This week I have an interview for a part-time Library Assistant job in a university library. I’m more nervous than usual about it because this is a job that would be enjoyable, great for my career, and good for my studies. In other words, it is a job that I actually want. Past experience of interviews for library positions gives me some idea of what to expect.
There are usually a few generic interview questions: the kind one would get asked for any customer service or administrative position:
- Why do you feel you would be suited for this job? This is an opportunity to mention your skills, training, background in the relevant sector, and general passion for the work.
- Give an example of your work with customers. Example questions call for specific anecdotal accounts. One can mention helpfulness, experience dealing with a range of people, and ability to work under pressure. Can be further specialised as Give an example of handling a difficult customer.
- Give an example of your work within a team. This can be a struggle: I struggle to simultaneously show that I can work with people and maintain independent initiative. As above, it’s good to give specific examples and definitive teamwork results.
Then there are the library/information profession specific questions:
- Why do you want to work in libraries? Nowadays it isn’t enough to like books and not be completely repugnant: libraries are often looking for people who aren't stereotypical hair-in-a-bun shushy librarians. It can also be good for males since the profession is currently dominated by females.
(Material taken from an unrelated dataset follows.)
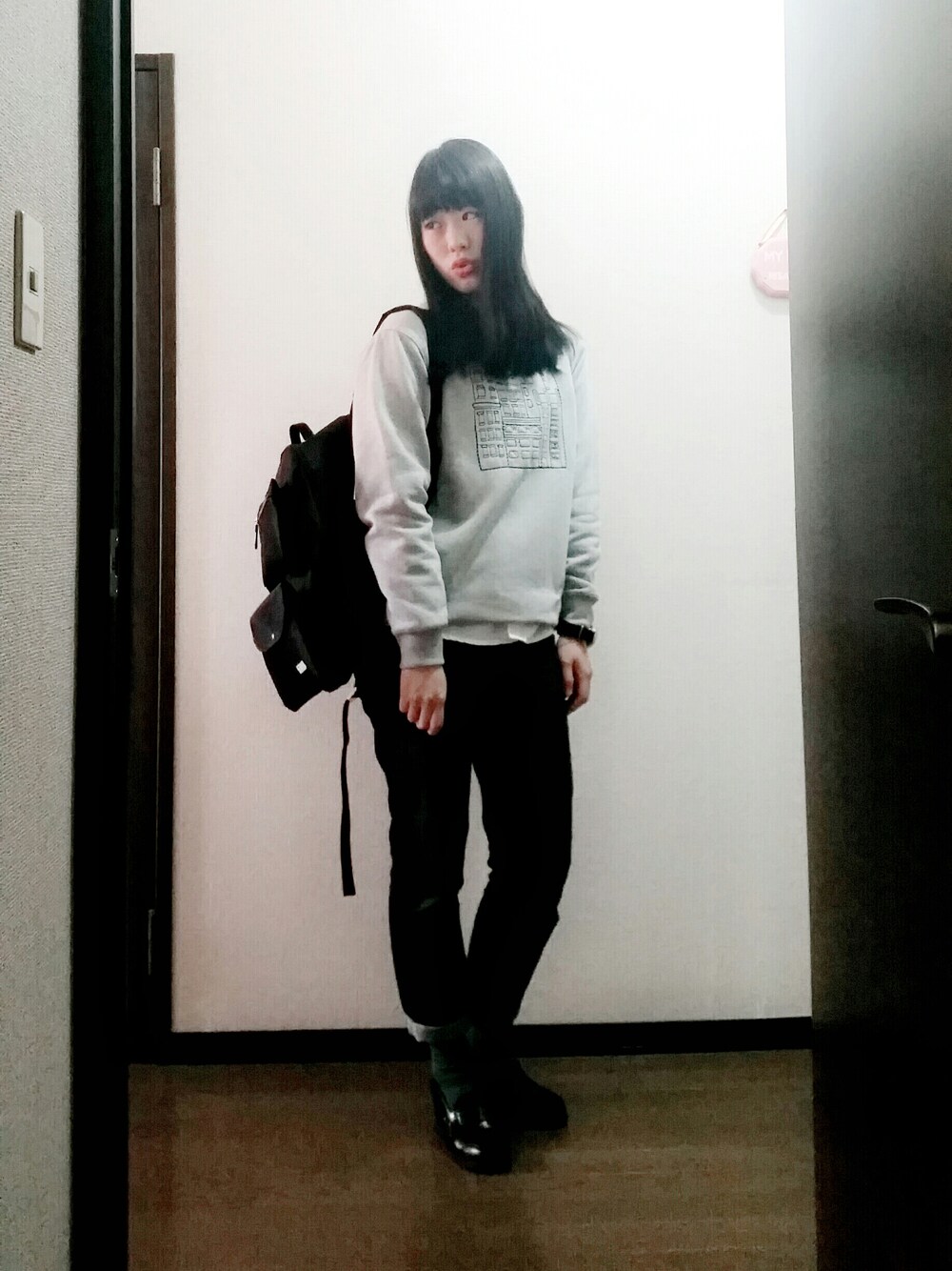 risaのスウェット「裏起毛裏毛 アパートプルオーバー」を使ったコーディネート

- What developments will affect libraries in the near future? In the past I have tried to field this question by mumbling something about the Internet and using the phrase ‘digital revolution’ a lot. It’s better to have specific knowledge of current developments. Check out CILIP’s Library and Information Gazette.
- What will happen to the library profession in the future? This question refers to the long-term future of libraries and the changing role of information professionals? Public librarians often tell me that they are expected to be all things to all people: to answer any question and provide any service. This is due to the growth of information as a societal commodity and librarians’ role as custodians and facilitators of that commodity.
- How would you improve libraries in the [insert sector here] sector? This requires some prior consideration – I’ve discovered from experience that plans dreamt up on the spot are rarely feasible or coherent.
- Where do you see your career in [X amount of years]? This is personal although it helps if you can show how the job you are interviewing for fits into your future plans.
Finally I was taught to always ask questions at the end of an interview – it shows your interest in the position and opens up a topic to talk about if you’re given a tour of the building or walked to the door. This is a good article about attitude and general interview tips. And though I’m sure it’s not required to memorise sections of the Dewey Decimal Classification, I found the time to do so anyway.